Content starts

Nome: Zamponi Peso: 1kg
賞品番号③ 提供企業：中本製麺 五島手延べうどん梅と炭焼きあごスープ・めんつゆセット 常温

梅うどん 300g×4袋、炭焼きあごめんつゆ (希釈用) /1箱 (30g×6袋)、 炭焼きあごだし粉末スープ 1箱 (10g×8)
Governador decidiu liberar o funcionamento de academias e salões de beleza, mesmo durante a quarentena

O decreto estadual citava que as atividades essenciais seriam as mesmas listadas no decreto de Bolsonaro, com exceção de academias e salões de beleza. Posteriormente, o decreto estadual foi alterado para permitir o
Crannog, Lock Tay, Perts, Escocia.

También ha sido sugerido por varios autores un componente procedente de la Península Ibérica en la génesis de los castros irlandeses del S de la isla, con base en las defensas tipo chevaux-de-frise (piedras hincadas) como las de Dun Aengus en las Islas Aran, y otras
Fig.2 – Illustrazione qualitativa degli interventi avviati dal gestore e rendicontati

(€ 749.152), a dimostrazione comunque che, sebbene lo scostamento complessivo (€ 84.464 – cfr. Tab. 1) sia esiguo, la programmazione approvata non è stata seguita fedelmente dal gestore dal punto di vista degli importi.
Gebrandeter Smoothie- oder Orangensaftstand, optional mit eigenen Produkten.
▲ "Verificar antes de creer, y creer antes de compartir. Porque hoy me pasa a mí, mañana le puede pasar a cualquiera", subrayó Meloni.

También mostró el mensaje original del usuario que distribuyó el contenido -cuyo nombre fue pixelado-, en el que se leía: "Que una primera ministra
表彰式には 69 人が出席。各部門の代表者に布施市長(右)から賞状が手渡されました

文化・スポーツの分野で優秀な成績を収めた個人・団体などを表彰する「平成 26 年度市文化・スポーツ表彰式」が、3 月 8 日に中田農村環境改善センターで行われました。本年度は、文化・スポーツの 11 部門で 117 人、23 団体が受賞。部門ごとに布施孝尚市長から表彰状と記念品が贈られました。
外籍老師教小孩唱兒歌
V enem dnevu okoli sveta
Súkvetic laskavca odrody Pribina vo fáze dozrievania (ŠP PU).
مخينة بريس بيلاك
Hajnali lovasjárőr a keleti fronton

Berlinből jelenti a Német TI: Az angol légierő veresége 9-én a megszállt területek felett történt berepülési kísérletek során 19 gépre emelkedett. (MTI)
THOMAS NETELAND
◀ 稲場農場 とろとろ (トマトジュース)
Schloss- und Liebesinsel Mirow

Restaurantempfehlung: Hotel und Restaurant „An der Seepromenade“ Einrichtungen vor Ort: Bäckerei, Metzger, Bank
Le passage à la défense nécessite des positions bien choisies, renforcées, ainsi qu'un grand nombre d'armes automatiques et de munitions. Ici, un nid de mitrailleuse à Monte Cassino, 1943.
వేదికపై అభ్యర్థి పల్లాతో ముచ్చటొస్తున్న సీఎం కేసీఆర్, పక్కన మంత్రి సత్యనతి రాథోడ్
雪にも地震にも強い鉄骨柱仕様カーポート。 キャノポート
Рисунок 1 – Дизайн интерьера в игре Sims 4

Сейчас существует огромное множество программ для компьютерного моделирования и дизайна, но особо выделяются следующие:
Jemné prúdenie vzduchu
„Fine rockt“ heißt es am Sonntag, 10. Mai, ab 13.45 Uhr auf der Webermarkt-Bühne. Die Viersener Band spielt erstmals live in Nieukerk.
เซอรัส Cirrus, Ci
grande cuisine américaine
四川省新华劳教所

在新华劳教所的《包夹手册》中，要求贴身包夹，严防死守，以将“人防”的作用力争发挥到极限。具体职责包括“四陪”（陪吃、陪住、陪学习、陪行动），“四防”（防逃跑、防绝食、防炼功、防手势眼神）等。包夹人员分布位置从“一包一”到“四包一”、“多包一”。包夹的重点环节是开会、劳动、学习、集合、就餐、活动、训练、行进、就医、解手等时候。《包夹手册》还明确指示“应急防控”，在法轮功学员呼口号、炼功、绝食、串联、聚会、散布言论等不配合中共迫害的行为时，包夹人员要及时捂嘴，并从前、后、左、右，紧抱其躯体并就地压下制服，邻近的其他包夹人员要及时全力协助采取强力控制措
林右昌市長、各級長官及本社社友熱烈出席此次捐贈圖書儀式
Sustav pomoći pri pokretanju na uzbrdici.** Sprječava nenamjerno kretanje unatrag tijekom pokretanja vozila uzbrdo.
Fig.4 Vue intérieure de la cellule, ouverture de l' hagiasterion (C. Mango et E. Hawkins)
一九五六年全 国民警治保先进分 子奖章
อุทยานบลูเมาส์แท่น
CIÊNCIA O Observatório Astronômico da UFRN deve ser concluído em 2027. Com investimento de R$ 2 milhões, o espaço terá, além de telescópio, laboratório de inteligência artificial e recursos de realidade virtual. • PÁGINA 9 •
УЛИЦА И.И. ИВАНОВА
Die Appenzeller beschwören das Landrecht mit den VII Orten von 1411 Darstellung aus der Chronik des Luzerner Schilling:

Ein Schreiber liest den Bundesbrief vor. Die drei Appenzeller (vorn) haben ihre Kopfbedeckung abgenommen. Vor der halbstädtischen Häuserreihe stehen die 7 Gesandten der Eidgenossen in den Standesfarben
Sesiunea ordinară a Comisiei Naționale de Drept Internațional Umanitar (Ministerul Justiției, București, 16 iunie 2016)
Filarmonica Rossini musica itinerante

Content ends

• _Activity_:
I need exact copies of the lines from the one holding "Ein Schreiber liest" through the end of the records above, and nothing beyond them.

• _Task solution_:
Ein Schreiber liest den Bundesbrief vor. Die drei Appenzeller (vorn) haben ihre Kopfbedeckung abgenommen. Vor der halbstädtischen Häuserreihe stehen die 7 Gesandten der Eidgenossen in den Standesfarben
Sesiunea ordinară a Comisiei Naționale de Drept Internațional Umanitar (Ministerul Justiției, București, 16 iunie 2016)
Filarmonica Rossini musica itinerante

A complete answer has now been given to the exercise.